Vishing is a phone scam type of phishing attack. The word “vishing” comes from “voice” and “phishing”. Phishing scams are most often done through email, named by the idea that a fraudster is dangling a hook or a lure to get unsuspecting victims to reveal sensitive information, like usernames, passwords, or credit card details, through an email response or by clicking a link and entering the data on a website. In a vishing attack, a scammer uses a phone call to target their victims and steal information, money, or both.
Vishing can also be a type of social engineering scam — that is, the criminal uses specific or “vague enough to be real” details about the victim to get them to believe the scam caller is real and should be trusted. Vishing calls may come from a blocked number, or a fake or spoofed phone number used to impersonate a legitimate person or organization. Fraudsters also use robocalls to carry out vishing schemes on a larger scale.
HOW DOES VISHING WORK?
The person or robot placing the phone call uses a sense of urgency or the guise of an emergency to ask you questions confirming your identity or personal details, then they ask for even more information. They may not always be negative situations, either. Sometimes the urgency comes from the excitement of potentially winning money, gifts, or trips. Unfortunately, it’s all fake when it comes to vishing scams. What the scammer really wants is your Personally Identifiable Information (PII), financial account details, medical information, or other sensitive data, and they want you to give it to them over the phone quickly before you have time to realize it’s a scam.
Common vishing techniques to watch for:
- Your Social Security number has been compromised
- Your bank account has been red-flagged
- A credit card charge needs to be verified
- The IRS has discovered discrepancies in your tax return
- Your vehicle is qualified for an extended warranty
- Your computer has been compromised and requires tech support services
- There is a warrant issued for your arrest
- Your friend or family member needs money to get out of trouble
- Your friend or family member was in an accident
- You have won a free vacation (or sweepstakes, or lottery, or giveaway)

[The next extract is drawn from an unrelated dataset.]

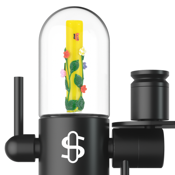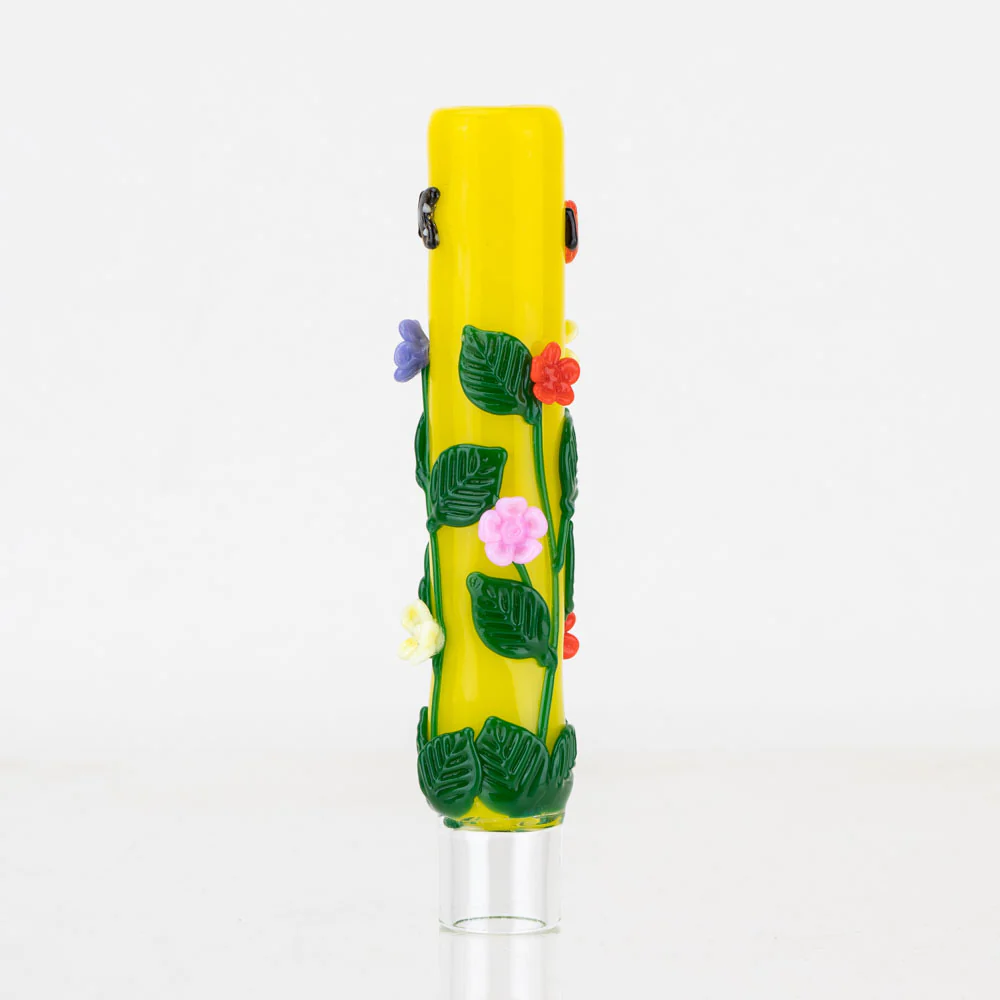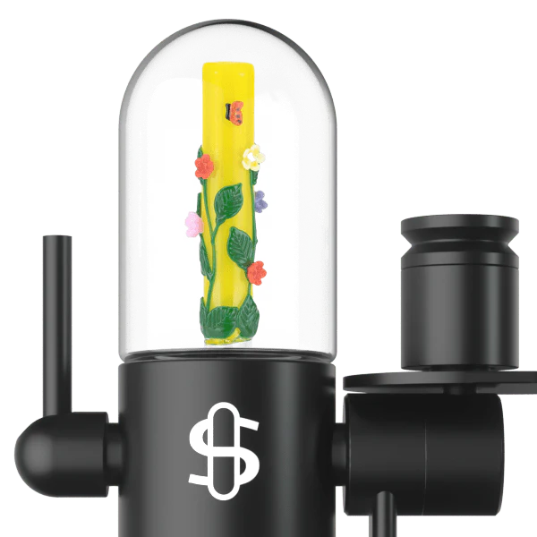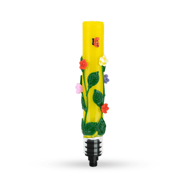 Bring a little sunshine into your life with this "Garden Variety Collection," featuring a beautiful entanglement of lush ivy, vibrant flowers and a red butterfly set against a bright yellow backdrop. Replace your upstem on any full size Stündenglass with this non-percolating Garden Variety stem!

- You’re eligible for a free trial or free product, something you didn’t request
- A charity is requesting a donation
HOW DOES VISHING DIFFER FROM PHISHING?
Vishing is a form of phishing by phone. Phishing scams are conducted through unsolicited emails, texts (smishing), phone calls (vishing), and fake websites — all used by scammers to collect information from a victim to commit fraud.
There are more victims of phishing, vishing, and smishing scams than any other type of cyber fraud, costing consumers $57 million in fraud losses.
WHAT IS THE HARM IN VISHING?
When victims are tricked into sharing their name, date of birth, Social Security number, bank account details, and other sensitive information, fraudsters are equipped to commit credit card fraud, account takeovers, and identity theft using that information.
WHAT DO I DO IF I’M A VICTIM OF VISHING?
If you have shared your personal information, bank account or credit card number with what you suspect was a vishing scam, report the call to your financial institution and government agencies. Several agencies are working to reduce fraud and capture scammers, including the Internet Crime Complaint Center, the Federal Trade Commission (FTC), and the Better Business Bureau (BBB).
HOW CAN I PROTECT MYSELF FROM VISHING?
- Think before you speak. If you receive a phone call from an unknown number or a familiar name you weren’t expecting a call from, do not share your sensitive information. Especially if the caller requests ANY information from you to confirm who you are before proceeding with the call. Scammers want you to react and divulge your information. The person on the end of the line may sound sincere and trustworthy, but that doesn’t mean they’re legitimate.
- If you are worried a phone call you receive is a scam, hang up. Calling the number back will only connect you with the scammer again. Look up the correct number yourself through an organization’s website or phone directory, or call the number listed on your bank or account statement or the number on the back of your credit card.
- Is that really a government agency? Remember, the Social Security Administration and the IRS will never call you to request personal information or make threats.
Some good news is on the horizon to help fight vishing attacks and caller ID spoofing: the FCC has been working with telecommunications providers to create new ways to digitally validate Caller IDs (through STIR/SHAKEN authentication standards). Such validation processes would greatly reduce the ability of vishing scammers to spoof legitimate names and phone numbers, giving them one less way to fool you into exposing your personal and financial information.